In the linked podcast with Wes Gray the author said they are currently trying to build a global dataset (they mentioned that building global datasets in
is notoriously hard in the academic community because the Compustat Global data is so expensive and so incomplete), to test anamolies against global markets. Once they have the ability to do that, and discount the home bias of only testing against US data they might have a better handle on the “why” questions.

mgerstein · October 27, 2017, 2:01pm

It won’t get them anywhere close . . . all they’ll get is more of “what”

The why cannot be uncovered by bad sampling and going global won;the correct the problem.

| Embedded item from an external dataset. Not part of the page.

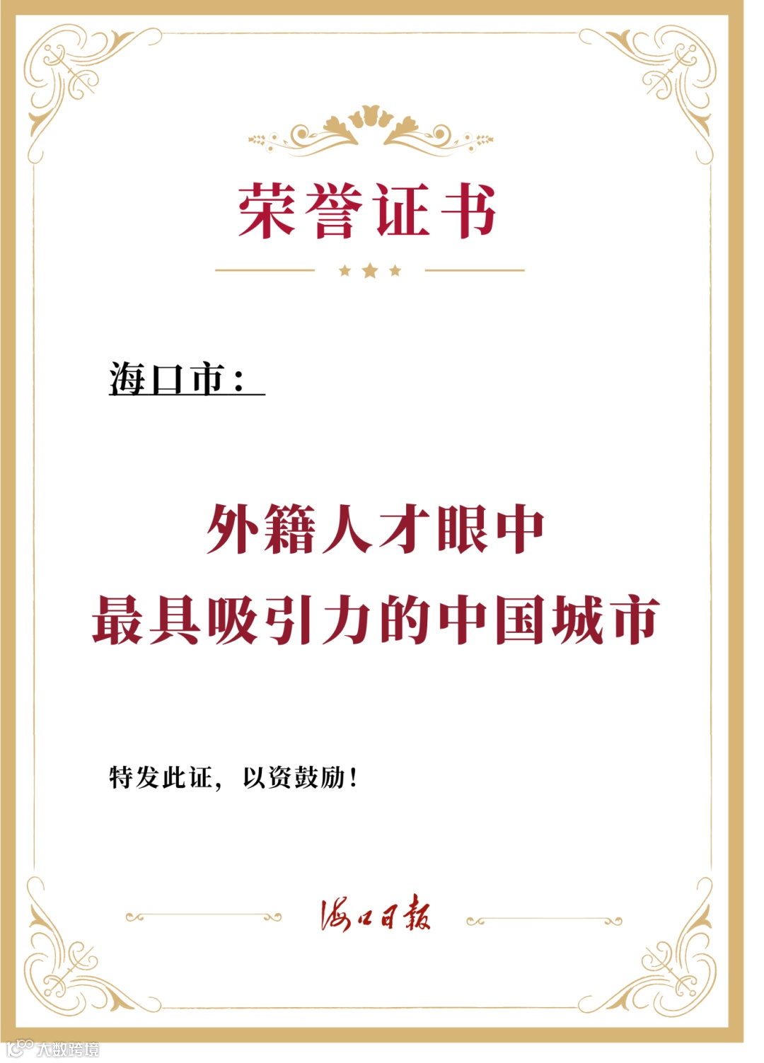 10月份,2024杭州国际人才交流和项目合作大会开幕式上,人社部国外人才研究中心发布2023年度“魅力中国—外籍人才眼中最具吸引力的中国城市”主题活动成果,时隔五年,海口再次入选“魅力中国—外籍人才眼中最具吸引力的中国城市”。

Example: Some of the many factors they tested involved various measures of dividend yield. They need to know going in that they could not expect good results unless they conditioned their sample based on indications of payment risk. Similarly, value factors cannot be expected to work consistently unless they systemically condition their samples to eliminate companies whose earnings are expected to fall; companies for which low P/E etc signals bad performance. Etc. etc. etc.

Essentially, a completely different study design is needed. Maybe I’ll have to be the one to do it.

Miro · October 27, 2017, 2:21pm

I can’t think of a single stock model I’ve built that doesn’t combine various factors in the ranking and/or the buy/sell rules. It’s almost impossible to build a port without combining at least two factors.

Unless I am missing something, I don’t see how Zhang’s research applies to the real world of building ports. Which may be what Marc is saying.

Jrinne · October 27, 2017, 3:19pm

This where I agree with Marc.

When they combine variables in the literature they tend to use multivariate linear regressions.

Here is one of the assumptions (before you can do this) from SPSS: “There needs to be a linear relationship between (a) the dependent variable and each of your independent variables, and b the dependent variable and the independent variables collectively.”[/b]

(b) is an assumption that is not always listed everywhere.

Marc (for good reason) wants to put together variables that interact. I might be mistaken but my default belief is that two variables that interact will not form a line or a plane in most cases. For example, if either variable is negative there may be no interaction and no effect on the dependent variable. It is often only when both are positive that there is an interaction and an effect on the dependent variable. This shape (not a plane) clearly will not form a line with a cut (or intersection) from a plane. So not a plane and not a line.

And , I think, even the portions of the plane/line where both independent variables are positive are often more exponential than linear.

Catch 22: to meet these requirements it is usually necessary for the variables to be independent of each other—making it difficult to use this tool to look at and explore interactions of independent variables on the dependent variable. Interactions that should not exist for variables that are independent of each other.

Then there is the more often stated problems with multicollinearity. Which allows the variable to interact (a little bit) in a liner fashion: just not too much. Me I will take as much positive interaction as I can get.

As with much of this, my ability to understand my limitations is limited. But I think Marc has a point.

This much I can say for sure: like the authors I stick with the t-test (and Bayesian Equivalent).

-Jim

Jrinne · October 28, 2017, 11:24pm

I have a prior that may work for 5-stock sims (and could be expanded to other sims). I simply ran a 5-stock model with random ranking and adjusted slippage so that the slippage was close to the same slippage as the sim/port I was looking at. I did this 30 times and used the mean weekly excess return for each of the 30 runs to form a prior as I did above. This is negative (compared to the benchmark) because of the slippage.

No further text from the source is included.